* Records for the task:

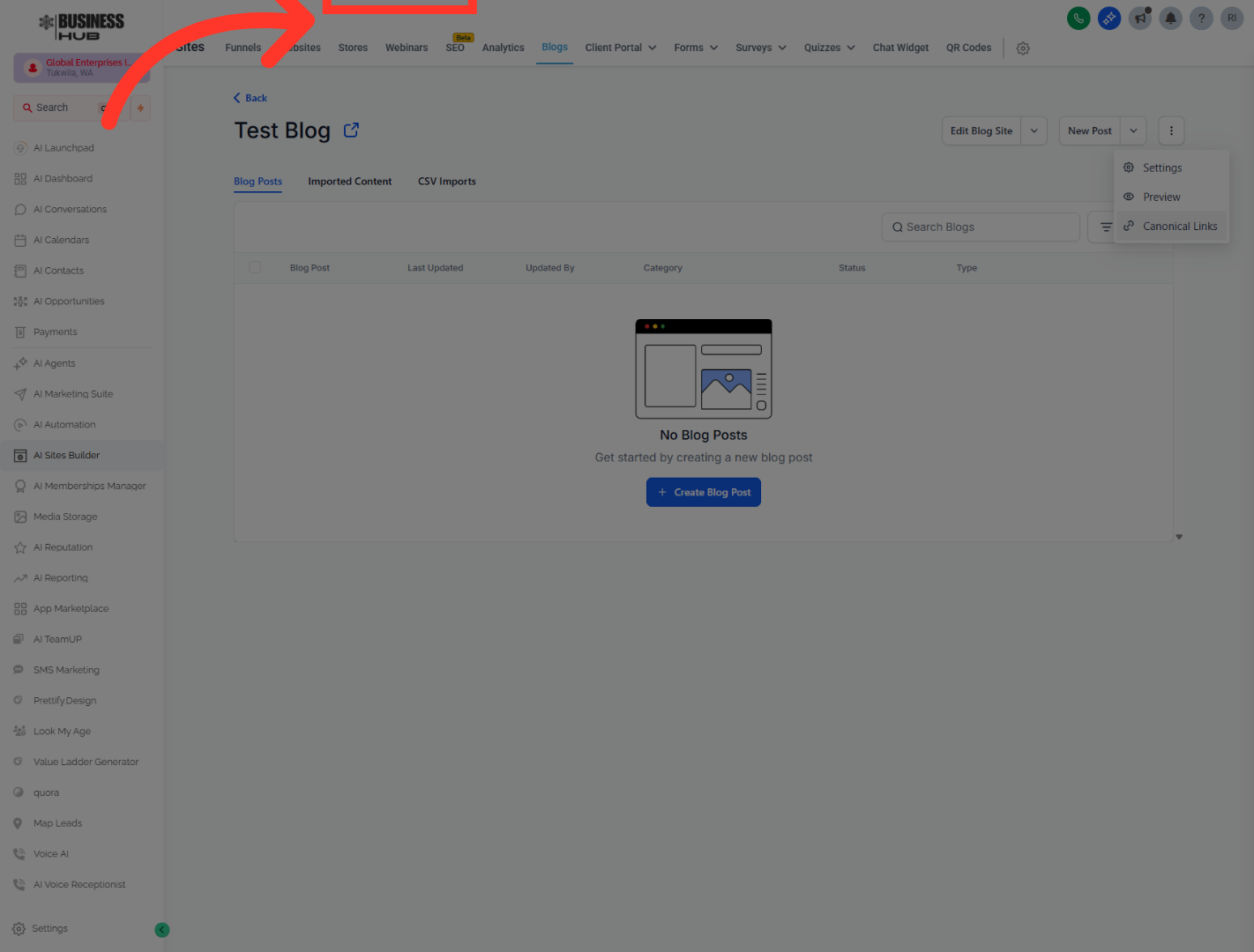 6. Open Business Hub Settings
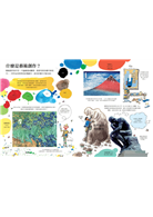 藝術並不像一般人所想像的,只是畫畫、做雕塑,或是欣賞美麗的事物。藝術隨著人類的誕生而誕生,並且隨著文明的洪流不斷的生成、演化與變遷,累積了深厚的內涵、豐富的意義與多元的樣貌。向孩子們介紹藝術,過度簡化則無法管窺其浩瀚,過度複雜又恐怕他們望之卻步。這本由多部暢銷童書作者、曾經在巴黎學習藝術的蘿西‧狄金絲撰寫的《我的藝術啟蒙大發現》,便試圖克服上述問題,用最簡單的方法介紹最深奧的藝術。全書共分成七大部分:從強調藝術定義的多元與介紹藝術世界的千變萬化,到揭開藝術創作中材料與技法的奧祕;再分別針對色彩、動態與光線,這三個藝術作品的重要形式要素進行分析,緊接著探究藝術作品的題材與意義;最後,還廣博的觸及了博物館學,並建立了一個藝術小辭庫。以如此專業的方法、嚴謹的架構與豐富的內容引導孩子們進入藝術,竟然僅用了簡潔的頁數即完成,並且以巧妙的小翻頁給予細節性的說明,大大增加了本書的趣味性與可讀性。
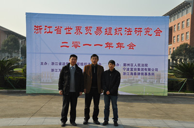 2011年12月17日至18日,由浙江省法学会世贸组织研究会、浙江万里学院法学院主办,鄞州人民法院、浙江海泰律师事务所、宁波富田集团协办的为期两日的浙江省世贸组织法研究会2011年年会在万里学院举行。
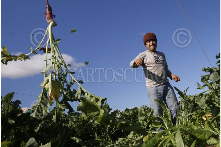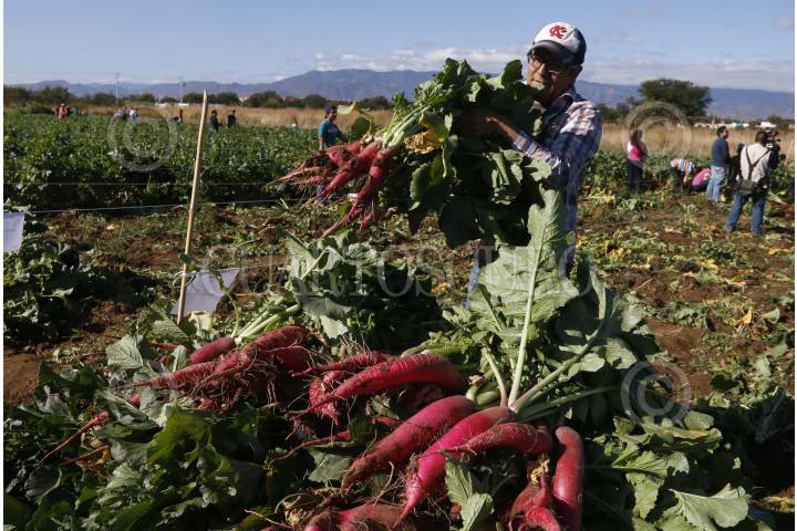 OAXACA, OAXACA, 19DICIEMBRE2015.- La mañana de este sábado hortelanos de la ciudad de Oaxaca y municipios conurbados cosecharon un aproximado de 15 toneladas de rábanos en sus variedades de champion y bartender, mismos que serán utilizados para la tradicional Noche de Rábanos a efectuarse el 23 de diciembre en el zócalo de la ciudad y en la que competirán 80 participantes en las diversas categorías, así como en totomoxtle y flor inmortal. FOTO: ARTURO PÉREZ ALFONSO /CUARTOSCURO.COM
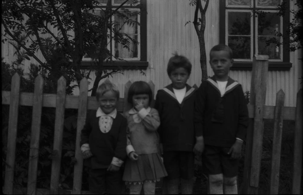 Fjögur börn fyrir framan girðingu við hús, þrír drengir og ein stúlka. Tveir drengjana eru í matrósarfötum.

* Work item: Print exactly, and print only, the lines from the line with "藝術並不像一般人所想像的,只" through the last line of the entries, both ends included. No pictures belong in the result.

* Result of the task:
 藝術並不像一般人所想像的,只是畫畫、做雕塑,或是欣賞美麗的事物。藝術隨著人類的誕生而誕生,並且隨著文明的洪流不斷的生成、演化與變遷,累積了深厚的內涵、豐富的意義與多元的樣貌。向孩子們介紹藝術,過度簡化則無法管窺其浩瀚,過度複雜又恐怕他們望之卻步。這本由多部暢銷童書作者、曾經在巴黎學習藝術的蘿西‧狄金絲撰寫的《我的藝術啟蒙大發現》,便試圖克服上述問題,用最簡單的方法介紹最深奧的藝術。全書共分成七大部分:從強調藝術定義的多元與介紹藝術世界的千變萬化,到揭開藝術創作中材料與技法的奧祕;再分別針對色彩、動態與光線,這三個藝術作品的重要形式要素進行分析,緊接著探究藝術作品的題材與意義;最後,還廣博的觸及了博物館學,並建立了一個藝術小辭庫。以如此專業的方法、嚴謹的架構與豐富的內容引導孩子們進入藝術,竟然僅用了簡潔的頁數即完成,並且以巧妙的小翻頁給予細節性的說明,大大增加了本書的趣味性與可讀性。
 2011年12月17日至18日,由浙江省法学会世贸组织研究会、浙江万里学院法学院主办,鄞州人民法院、浙江海泰律师事务所、宁波富田集团协办的为期两日的浙江省世贸组织法研究会2011年年会在万里学院举行。
 OAXACA, OAXACA, 19DICIEMBRE2015.- La mañana de este sábado hortelanos de la ciudad de Oaxaca y municipios conurbados cosecharon un aproximado de 15 toneladas de rábanos en sus variedades de champion y bartender, mismos que serán utilizados para la tradicional Noche de Rábanos a efectuarse el 23 de diciembre en el zócalo de la ciudad y en la que competirán 80 participantes en las diversas categorías, así como en totomoxtle y flor inmortal. FOTO: ARTURO PÉREZ ALFONSO /CUARTOSCURO.COM
 Fjögur börn fyrir framan girðingu við hús, þrír drengir og ein stúlka. Tveir drengjana eru í matrósarfötum.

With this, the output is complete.